INFORMATION SUPPLIED |
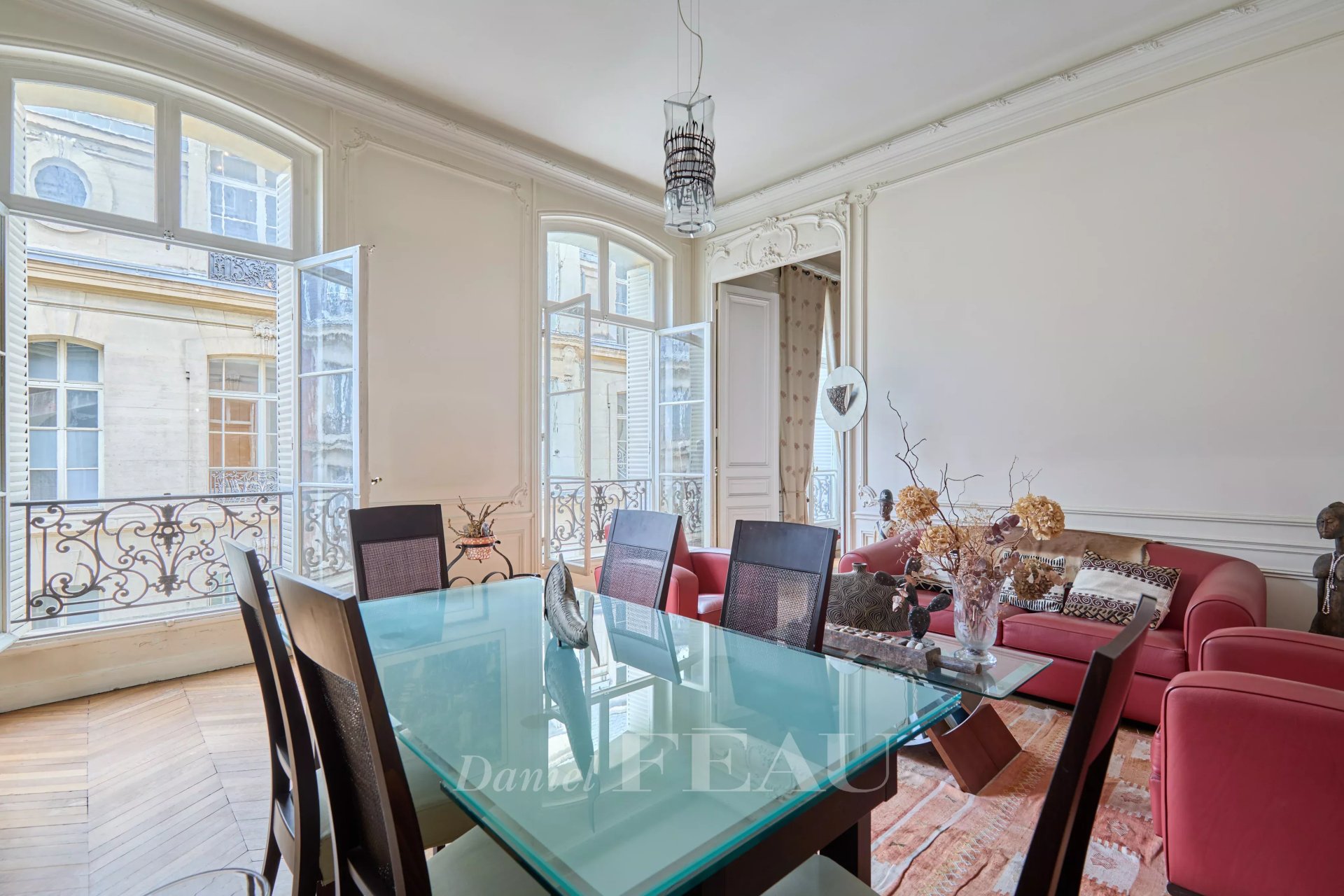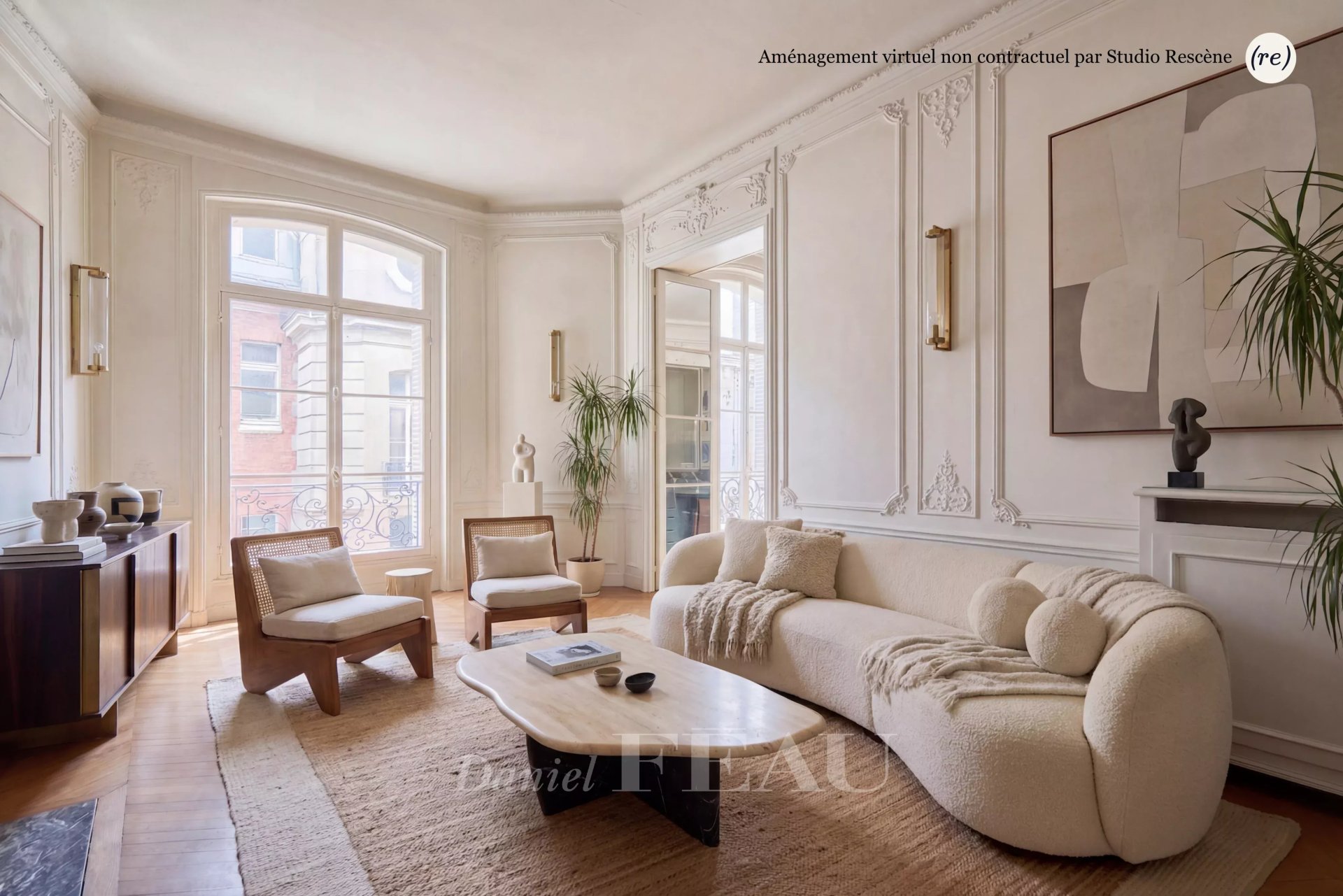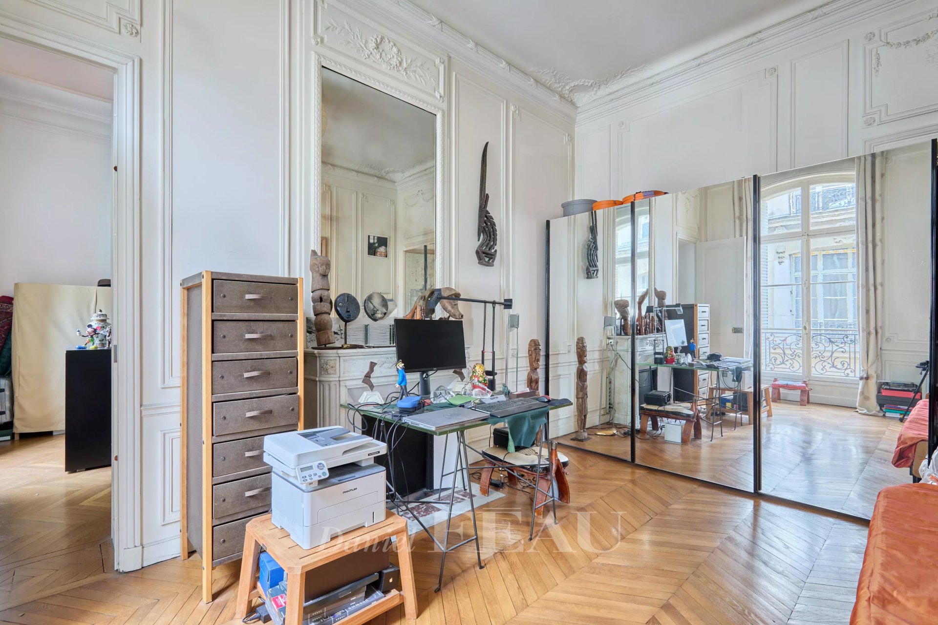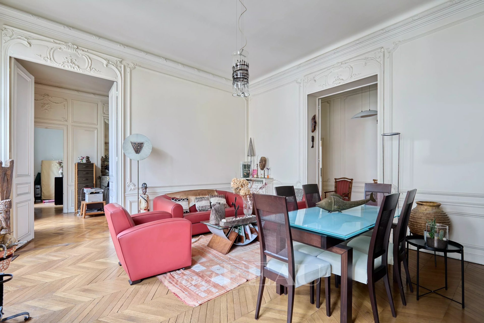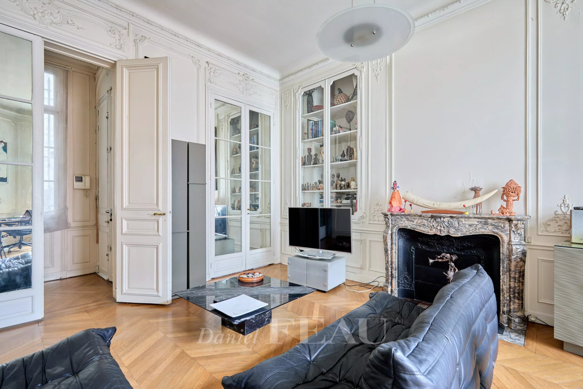 This bright apartment offering 174 sqm of living space as defined by the Carrez Law occupies the whole 3rd floor of a luxurious period building located in the immediate vicinity of leafy parc Monceau, the shops and the schools. Featuring 3.45 metre high ceilings with mouldings, parquet flooring and fireplaces, it includes a living/reception room, a kitchen, four bedrooms, a bathroom, a shower room, two separate wc, a dressing room and a utility room.
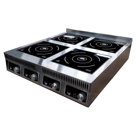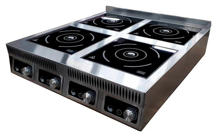 735x805(845Ручки)x185(220 с бортом)мм, 380B, 14кВт, 4 конфорки 300х300мм, сенсорное упр-ие, , цифровой дисплей, 10 ур. мощности (500-3500Вт) и темп.(60-240С), Корпус из нержавеющей стали AISI 304, термостойкое стеклокерамическое покрытие 4 мм. Максимальная рекомендованная нагрузка на одну конфорку 30 кг.
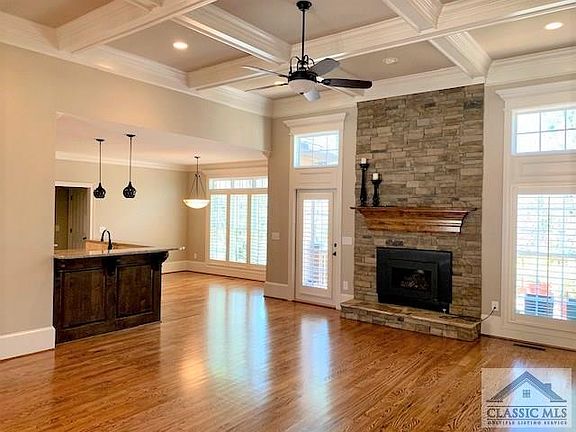 Prime location in the North Oconee award winning school district! Located in Fern Hill, next to Malcom Bridge Elementary and Middle Schools. Custom built home by Rodney Jones. Located on 1.5 acres with creek and situated in a cul-de-sac! This amazing one level open split bedroom plan offers three bedrooms and 2.5 baths on the main, open dining room with tray ceiling, plus a huge private suite and bath with walk-in closet upstairs. Large kitchen with stainless steel appliances, tile backsplash, custom cabinetry, and granite wrap around bar overlooking breakfast area and coffered great room with raised ceiling with stack stone fireplace with gas logs. Large master suite with tray ceiling, custom oversized walk-in shower with tile and frameless glass door and two shower heads, enormous raised vanity and large walk-in closet. Tray ceiling in secondary bedroom is connected to Jack and Jill bath with walk in closet can also be used as an office. The open terrace level offers rec room with pool table, huge family room wired for 7.1 surround sound, full bath, and possible fifth bedroom or exercise room. Lots of storage including double doors giving access for a shop. Extras include: amazing trim package throughout home-Must see!!, 3 in. plantation shutters throughout main level, framed mirrors in all baths, oversized flagstone front porch with cedar columns, wide plank refinished hardwood floors, new interior paint throughout, transoms throughout and full length windows, insulated two car garage with wainscoting, laundry room with custom cabinets and sink, two hot water heaters plus and hot water circulation pump, professionally landscaped with split rail fence and irrigation, CAT 5 wiring, and more! Close to shopping, restaurants, UGA, and pager range to hospitals. Agent/Owner.

TASK TO COMPLETE | Your reply should consist solely of the lines above, from the opening line through the line with "735x805(845Ручки)x185(220 с бортом)мм, 380B, 14кВт, 4", reproduced exactly and without pictures.

ANSWER FOR THE TASK |
 This bright apartment offering 174 sqm of living space as defined by the Carrez Law occupies the whole 3rd floor of a luxurious period building located in the immediate vicinity of leafy parc Monceau, the shops and the schools. Featuring 3.45 metre high ceilings with mouldings, parquet flooring and fireplaces, it includes a living/reception room, a kitchen, four bedrooms, a bathroom, a shower room, two separate wc, a dressing room and a utility room.
 735x805(845Ручки)x185(220 с бортом)мм, 380B, 14кВт, 4 конфорки 300х300мм, сенсорное упр-ие, , цифровой дисплей, 10 ур. мощности (500-3500Вт) и темп.(60-240С), Корпус из нержавеющей стали AISI 304, термостойкое стеклокерамическое покрытие 4 мм. Максимальная рекомендованная нагрузка на одну конфорку 30 кг.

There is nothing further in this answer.